Anne-Marie Zucchelli, Instantanés, sélection de textes tirés d’Espace d’un instant, mis en musique pour piano-jouet par Damien Charron
Inquiétudes
De nos jours cassés, cailloux et poussières s’élèvent en tourbillons
et nous entraînent sur leur orbite, peut-être perdus, peut-être emportés vers le même anéantissement.
*
Je veille… c’est ma ruse vivante. Je pose les mains sur ce que nous touchons. Je frotte les poignées, les carafes, la rambarde.
Mais de la moitié que j’oublie, je ne me réveille pas.
*
J’ai le goût décevant de compter les cailloux, d’attendre la faveur du territoire figuré à l’intérieur duquel je me déplace. Il est si difficile de le renouveler.
Les chemins que j’emprunte pour la première fois me semblent familiers, car d’autres pas remontent à travers les miens.
Mouvements
A escalader ces journées à hauteur de maison, le monde me manque et j’en supplie la présence.
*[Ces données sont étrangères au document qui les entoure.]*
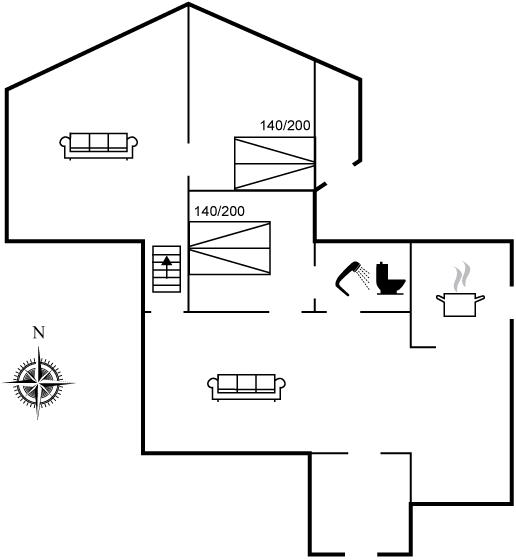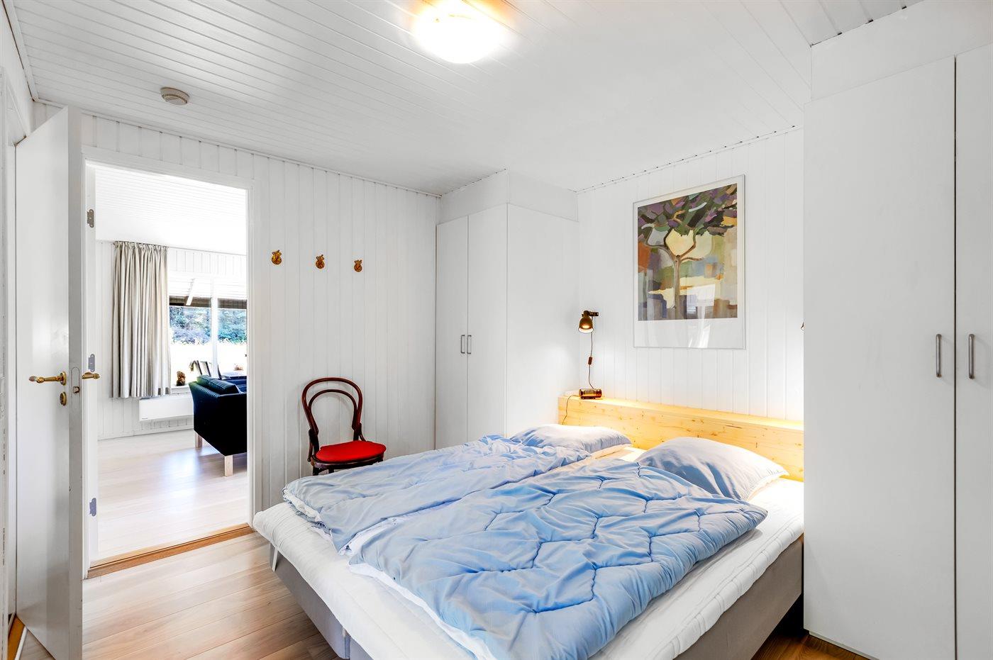 Der er i alt 2 soveværelser. Sovepladserne fordeler sig på: 4 sovepladser i dobbeltsenge. Derudover er der 1 stk. barneseng.

Alors, dans la rue réduite au silence, j’entends le mouvement des branches dans l’air et je suis remplie de gratitude.
*
Dans le si suave silence dans lequel je m’enfonce, le chant du merle jaillit en filet de fontaine et redresse le ciel d’un coup.
Ma joie brûle sans laisser de cendre.
*
A rebrousse-poil sur les chemins, mes mains serrant des poignées de crins, j’escalade le ciel.
Au-dessus, rament de lourdes barques qui frottent de leurs bords le sel éparpillé de l’air.
Plantes
Tige sur tige je me hisse à hauteur de terre,
le ciel sur la tête après m’être baissée.
Dans l’instant, je vis.
*
Herbes entre mes doigts.
Sur le gazon, dessus, dessous, fume un peu de sol remué parmi les fétus.
L’étonnement vient de ce gris doux et de la ferveur odorante de la terre mouillée.
*
Du plus bas, du minuscule, mousse sous les pieds, je fais un sol.
J’y navigue comme le sel court dans l’eau pour ne pas s’assécher au soleil.
Présenté à Sète en juillet 2021 lors du festival Voix vives en Méditerranée, par les éditions Pourquoi viens-tu si tard ? Présenté aux portes ouvertes « Pleins Feux » d’Ivry-sur-Seine, atelier de Ghislaine Escande, en octobre 2021.